The final model employs all of the extensions discussed in section 3. The 

model was developed originally to rate players and predict the outcome of 

matches in the World War II-based online team first-person shooter computer 

game Enemy Territory. With hundreds of thousands of players over 

thousands of servers worldwide, Enemy Territory is one of the most popular 

multiplayer first-person shooters available. In this game, two teams of 

between 4-20 players each, the Axis and the Allies, compete on a given 

“map”. Both teams have objectives they need to accomplish on the map to 

defeat the other team. Whichever team accomplishes their objectives first 

is declared the winner of that map. Usually one of the teams has a timebased 

objective—they need to prevent the other team from accomplishing 

their objectives for a certain period of time. If they do so, they are the 

winner. In addition, the objectives for one team on a given map can be 

easier or harder than the other team’s objectives. The size of either team 

can also be different and players can both enter, leave, and change teams


at will during the play of the given map. These are common characteristics 

of public Enemy Territory servers and are the reasons the above extensions 

were developed. Weighting individuals by time deals with players coming, 

going, and changing teams. Incorporating a team size-based “home field advantage” 

extension deals with both the uneven numbers and the difference 

in difficulty for either team on a given map. The certainty parameter was 

developed to deal with inflated probability estimates given several new and 

not fully tested players. Since it is common practice for a server to drop a 

player’s rating information if they do not play on the server for an extended 

period of time, no decay in the player’s certainty was deemed necessary. 
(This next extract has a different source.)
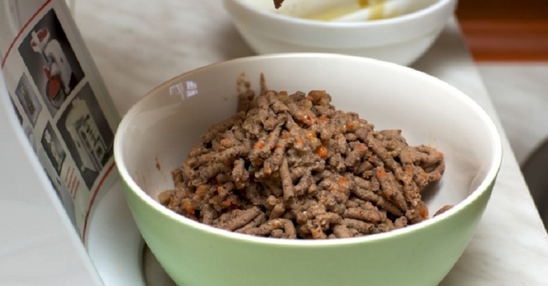 Пропусти через мясорубку куриную печень вместе с овощами.

The model was developed to predict the outcome for a given set of teams 

playing a macth on a given map. Therefore, the individual and field-group 

parameters (in this case both an Axis and Allies parameter for each map) 

are updated after the winner is declared for each match. 
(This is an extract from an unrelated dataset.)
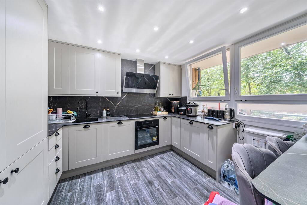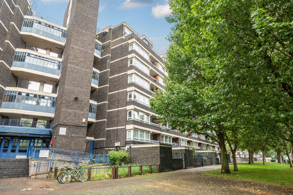 The property is a 3-bedroom apartment located on John Ruskin Street in Southwark, London. The location benefits from being near several schools and transportation options. Based on the images, the apartment appears to be in good condition, with a modern kitchen and bathroom.

In addition, the model was developed for use on public Enemy Territory 

servers where a large number of individuals come and go and a single individual 

will never eventually see all of the other possible individuals throughout 

all of the maps they participate in. In fact, it is common for individuals that 

play very often to never play together (on either team) because of issues 

like time zones. Therefore, the primary assumption in the method to fit 

proposed by (Huang et al., 2005) is not met. 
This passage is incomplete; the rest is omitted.